OBD-II has now been in our faces for a "Quarter Century" and even though it works fairly efficiently to control the hydro-carbon emissions in post '96 vehicles to some degree, it isn't as effective as some people would've liked, in terms of its diagnostic accuracy or as transparent and simplistic in its use to aid the layman.  On the flip side, many people with several mechanics among them completely abhors OBD-II and sees it more as a hindrance that a help and even add that they prefer cars not to have OBD-II. Since its inception, OBD-II has stymied mechanics globally, especially when the OBD-II system shuts down the engine and turns on the  EPC Light or Check Engine Light. And today, some 25 years later most car owners and mechanics still suffer fits effects yet endure the wrath of OBD-II. However, regardless of what we as lay people say, OBD-II is here to stay and we cannot wish it or will it away. 
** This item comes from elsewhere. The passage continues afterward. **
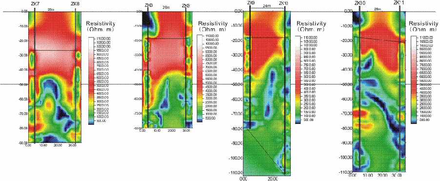 在ZK7和ZK8之间进行钻孔测试其中一个低电阻率区域的具体位置。测试结果显示,在纵深52米处发现泄露污水。从下面四个钻孔的电阻率分布图中,不难发现相邻的钻孔间电阻率的分布存在着连续性。所以说这样的井井电法勘探可以得到详细的地质信息。

Genuine Volkswagen / Audi Harness Mfg Part #: 1KD971658

Personally I think OBD-II is a great in all aspects and incarnations however it has its drawbacks. OBD-II  does place car owners at a huge disadvantage and at risk when it fails. Purely because the problems are not evident but rather masked by the mysteries of electronics technology. This very often leaves them stranded and in a dangerous situations when stuck in the middle of nowhere. With the result that even the DIY car owners cannot do any repair work themselves, but have to resort to phoning  a salvage company to come  load their vehicle onto  a rollback.  Unless of course they have previously invested in a OBD-II scanner  and is able to check for DTC error codes.  But as the saying goes, "most people only lock the stable after the horse has bolted". 
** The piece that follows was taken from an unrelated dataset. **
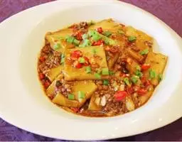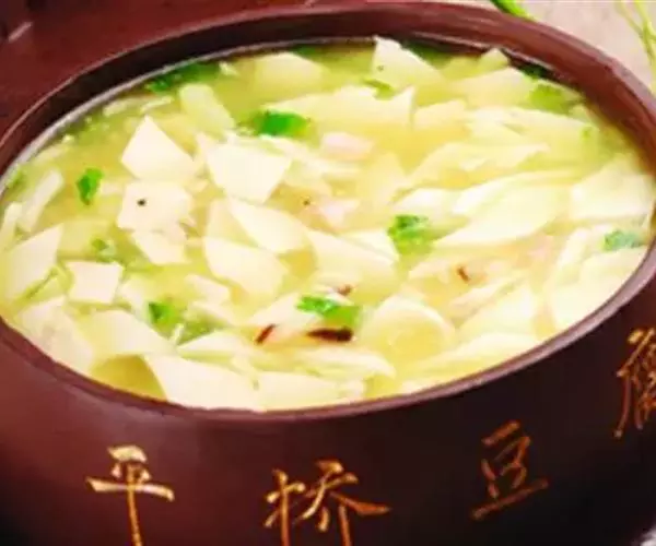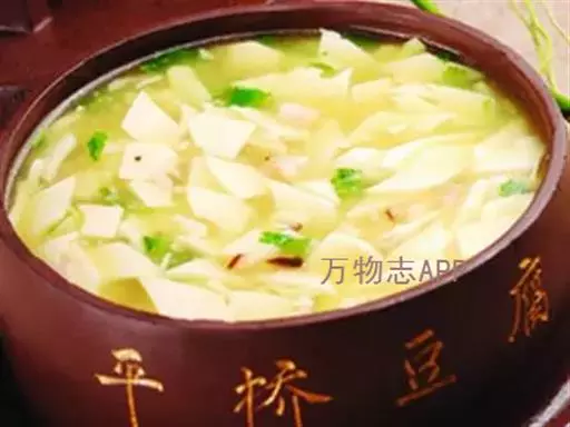 过桥豆腐是一道传统名肴,属于湘菜系。此菜柔滑细嫩,咸鲜适口,菜相美观,勾芡后,用小勺舀上一勺送入口中,感觉滑嫩鲜甜。集色泽、味道与文化内涵于一碟,营养丰富。

Another drawback of OBD-II is that since car owners in general do not own diagnostic scanners; so they have to rely on some mechanic workshop or mechanical to tell them what problems they've encountered with their vehicle but only once its repaired. Considering most mechanics / repair shops repair OBD-II errors by substituting parts until the cause of the problem is  solved. Merely because they don't even understand the workings of OBD-II well enough to pinpoint problems with any great success. For most of us, this type of hit-&-miss approach comes as an un-bugeted expense, which most car owners can ill-afford especially after having to pay the exorbitant rollback cost.

I believe there are thousands more vehicle owners today, interested in their own vehicle's maintenance and there are even more inclined towards DIY repairs than ever before because of ODB-II. Their motivating factor being the high cost of automotive repairs vs the low cost of ODB-II diagnostic scanners. Albeit that the lower cost scanners bordering on cheap doesn't do such a fantastic diagnostic scan as their more expensive counter parts. 

NEW GENERATION CARS

Hopefully, the next generation of automobiles will be released with onboard diagnostic scanners incorporated directly into the vehicle's infotainment system. Seeing that these fancy units are comprised of  several discrete devices built into the same platform.  It's quite common for the average touch screen infotainment systems to have features ranging from  Built-in Bluetooth to Built-in WIFI which supports WiFi hot-spot broadcasting. Integrated phone connectivity for calls. Some even have rear view camera support. 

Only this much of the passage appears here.